Once an ongoing clonal process has been identified the next step is assessing for end organ damage with complete blood counts, serum creatinine and calcium levels, metabolic panel and/or imaging (PET, CT, MRI). Following that, and upon the diagnosis of MM, the patient needs to be stratified according to their risk of relapse. To date, risk stratification for patients with MM is performed mainly with the help of serum β2 microglobulin/albumin levels, serum lactate dehydrogenase (LDH) levels, and fluorescent in situ hybridization (FISH) on BMPC. From these tests, alone clinicians should be able to assess the revised International Staging System (ISS) stage of the patient.1,2 Other useful tests for risk stratification include plasma cell proliferation rates and gene expression profiling. For more details in risk stratification models for MM please refer to our comprehensive article here.
With the help of FISH and gene expression profiling genetic abnormalities that are associated with poor patient outcomes can be identified. The most common of those in MM are: t(14;16), t(4;14), t(6;14), t(14;20), del(1p32), gain(1q21), del(17p13) and the TP53 mutation.2 Such genetic abnormalities along with certain baseline characteristics (i.e. age, frailty, risk stratification stage etc.) and disease presentation/heterogeneity make up some of the prognostic factors that have been identified in the MM setting and aid in outcome prediction prior to treatment. These in combination with prognostic markers that can be assessed during treatment, like minimal residual disease (MRD), complete response rate, disease transformation, and clonal evolution help clinicians decide on strategies to pursue.

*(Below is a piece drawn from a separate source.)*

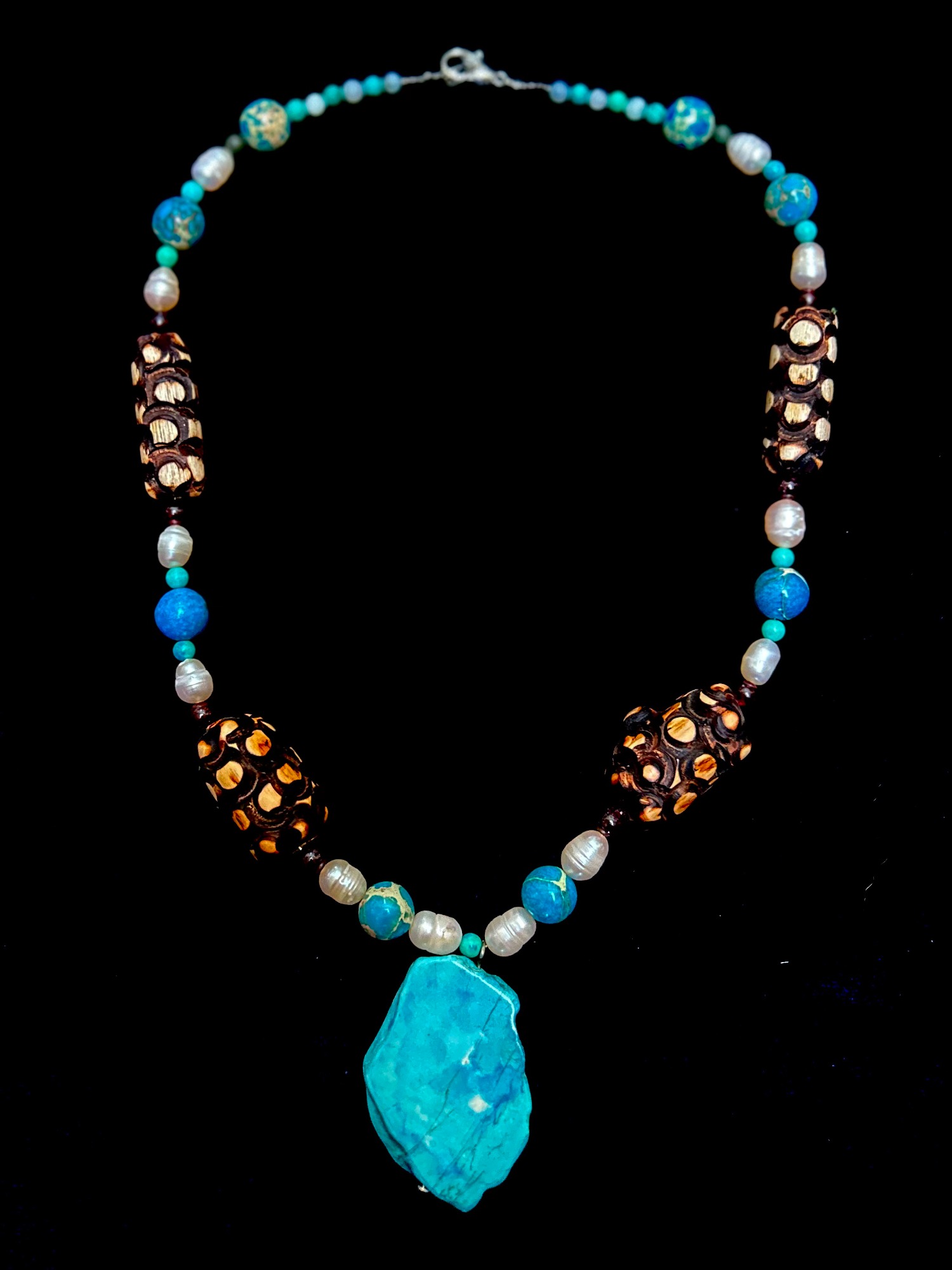 The wooden beads fare made from pruned fruit-tree branches and from fallen manzanita branches collected in nearby forests. These small branches are cut into short lengths and the pattern is burned into the wood, before polishing.

These prognostic factors are fundamental for guiding treatment strategies in patients with MM. This has been validated by multiple clinical trials, including the IFM-2009 study which showed that patients achieving MRD negativity had similar prognosis and response to treatment, regardless of their cytogenetic risk (high versus standard). Another example of this was provided by the EMN02 study, which reported that patients with high-risk cytogenetics or revised ISS II-III have better outcomes with tandem rather than single autologous stem cell transplant. These results were further validated by other phase III trials. To date, due to the use of prognostic markers and risk stratification models, clinicians have been able to identify the treatments that work best for patients with different progression risk. For example, we know that in patients with t(1;14) translocations (high-risk cytogenetics) proteasome inhibitors improve outcomes while thalidomide-, lenalidomide- or pomalidomide-based therapies do not.2
It is evident that by following a good diagnostic work-up (Figure 1) and having a flexible prognostic marker-guided treatment approach, the notion of high-risk MM could be abrogated and the outcomes of patients with myeloma can greatly improve.